The modern world seems to be greatly concerned about women and makes favorable promises to them. It promises them freedom from slavery, male-domination, and even the established institution of marriage, but what does it actually have in store? Nothing but exploitation, injustice, oppression, aggression, harassment, neurosis and indignity.

You know, “Revolutionary” language is just annoying. This is part of why the Revolution cannot be forced. I mean, don’t get me wrong. Many American homes have become “mere dwellings” that are “deficient in the spirit of companionship”, and I agree with a certain premise about the problem of promoting women as sexual objects, but I must disagree with Mrs. Alia and note that the solution is not to reduce the humanity of women. And, frankly, that’s how I see the hijab, and how it sounds when I hear how “The notion of complete equality between men and women with no consideration for their biological and emotional differences has distanced women from their inborn nature.”

But I digress.
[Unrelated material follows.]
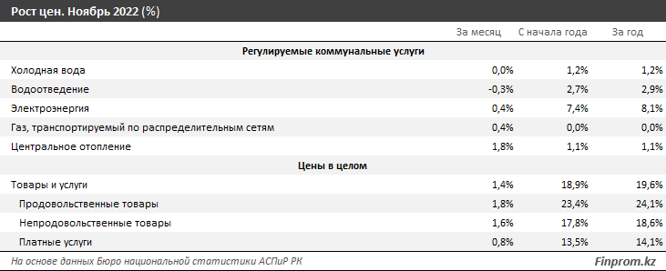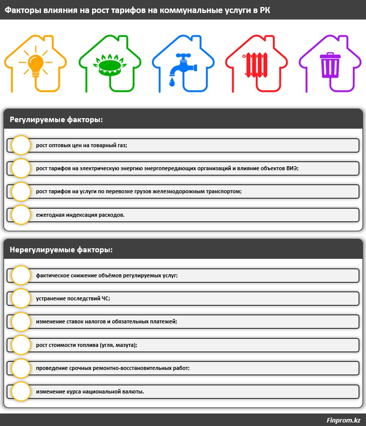 До сих пор тарифы на коммунальные услуги в РК не показывали значительного роста. Так, к примеру, при годовой инфляции в 19,6% и росте цен на платные услуги в целом на 14,1%, тарифы на газоснабжение в годовой динамике вообще не изменились, отопление подорожало на 1,1%, холодная вода — на 1,2%, канализация — на 2,9%, электроэнергия — на 8,1%.

It is, in the end, possible to learn something about our Iranian neighbors/future cannon fodder. Even people who are just looking to complain about Iran can find something to suit their needs, like the interview with Mrs. Alia. And I have to admit, I probably wouldn’t have strayed over to PressTV.ir without the official blog. So there’s one. Learning. For instance, I learned that President Ahmadinejad felicitated Kenya for its Independence Day. I figured that would have been illegal in the Islamic Republic, but he is the president, and if there’s one thing the last several years have taught me, it’s that presidents can do whatever they want.

They don’t felicitate in Middle America, do they?
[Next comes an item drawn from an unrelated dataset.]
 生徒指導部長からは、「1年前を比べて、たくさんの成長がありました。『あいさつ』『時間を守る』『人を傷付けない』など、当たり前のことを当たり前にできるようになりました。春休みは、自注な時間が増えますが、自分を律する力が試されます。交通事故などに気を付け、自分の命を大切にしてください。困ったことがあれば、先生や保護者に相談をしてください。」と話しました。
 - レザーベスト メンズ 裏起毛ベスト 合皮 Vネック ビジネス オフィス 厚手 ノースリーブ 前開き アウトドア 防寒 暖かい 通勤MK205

And for some reason I found it odd that the Saudis had to officially invite Ahmadinejad to participate in the Hajj, but then again I’d never really stopped to think about what a pain in the ass that must be for customs. I wonder if Ahmadinejad is at home thinking, “Well, crap, now they’ve invited me. I feel kind of obliged, now.”
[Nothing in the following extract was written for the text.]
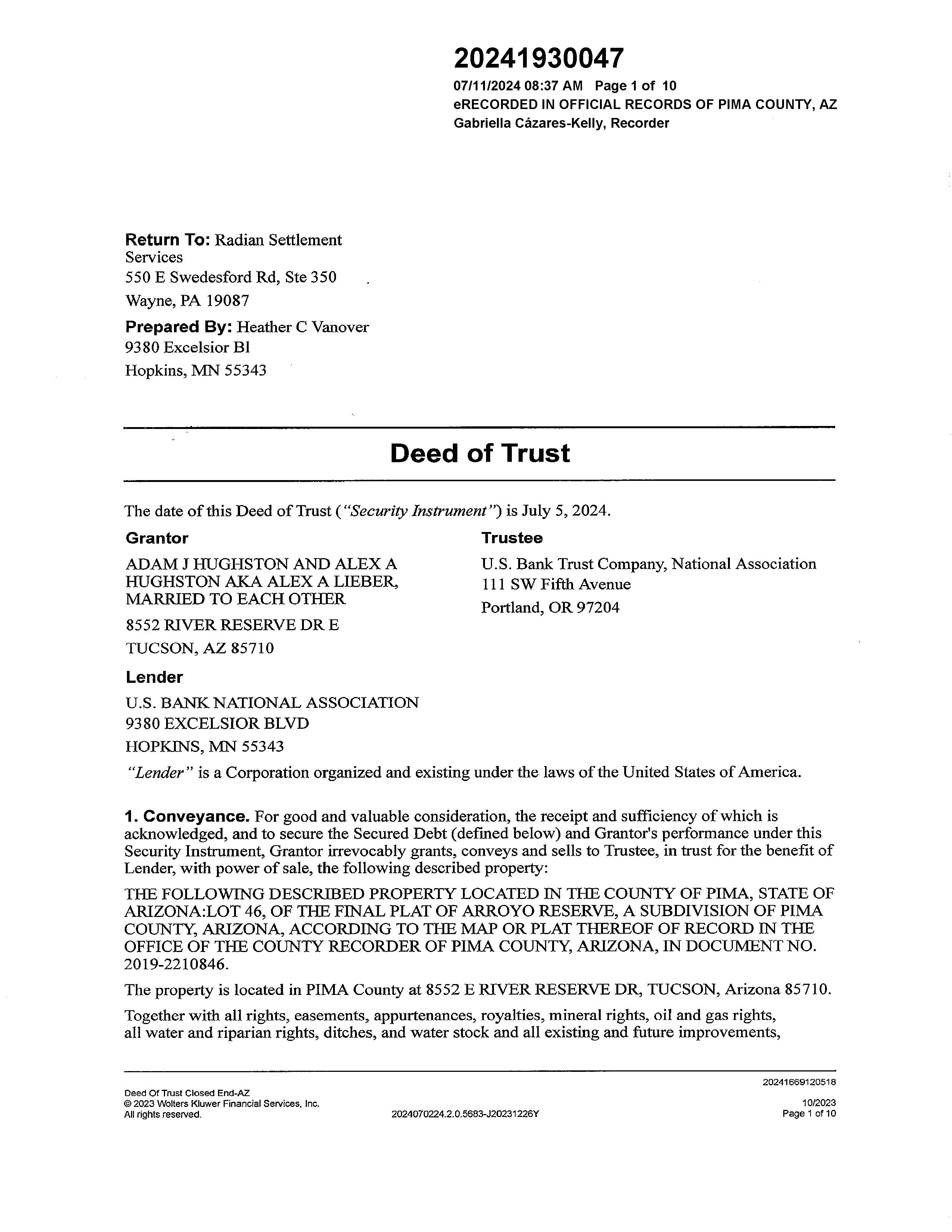 SITUS: 8552 E RIVER RESERVE DR TUC

But beyond picking up news and perspective from behind the Muslim Veil (okay, that joke sucked), Ahmadinejad scores points for blogging. Some of this is inherent: he gets to put out some sort of official word at will, and it sounds somehow more personal being typed by an underling than being read to the press by an underling. I suppose I should give him the benefit of the doubt. The page does look clumsy in English, although the grammar and punctuation are marginally better than I would expect of President Bush. I mean, at least Ahmadinejad is in the ballpark.

And that PR function has two edges, both of which play to his advantage. The Iranian President can appeal to the world with genteel considerations on life, the Universe, and everything, and can furthermore embarrass Americans just by giving them the freedom to comment. Some of the better comments from Americans:

  • “Colby Brown”— God bless Iran, Bush and Isreal are unfair to Iran. I am sorry for the way you were treated at our university. All americans are not the same as Bush. Peace god bless Iran and the rest of the world!
  • “ken mcfly”—die slow …
  • “Hate You”— Shut up please, would you? I get headache reading your nonsense stuff.‎‎

And my favorite:

  • “Yao Ming”—You are a nigger.

I mean, seriously, what am I supposed to say to that? (“USA! USA! Woot-woot-woot-woot!”) To the other, what if this was just some propaganda bit? Who the hell in Iran would have come up with “Yao Ming” and “You are a nigger”?

And, seriously, can you imagine if Ahmadinejad shows up for commencement or something at Tehran U, and instead of shouting “Death to the dictator!” the students start shouting, “Nig-ger! Nig-ger! Nig-ger!”

Would that not make the best YouTube clip ever? I mean, we could be so proud for having exported one of our deepest-seeded hatreds to Iran.

Because somewhere out there, I know, there’s at least one of my American neighbors who is heartbroken by that notion. “Oh, did they have to go and call him a nigger?”

Oh, ye gads:

  • “John Jacobs”—I hate you. you are retarted. that simple mentally retarted

That’s it. No more reading Ahmadinejad’s blog at not quite half-past four. Goddamn Americans. Must be a propaganda job. And “Yao Ming” is the best joke ever written by an Iranian president.

(Oh, right.)

Welcome to the blogosphere, Mr. President.  Get used to it.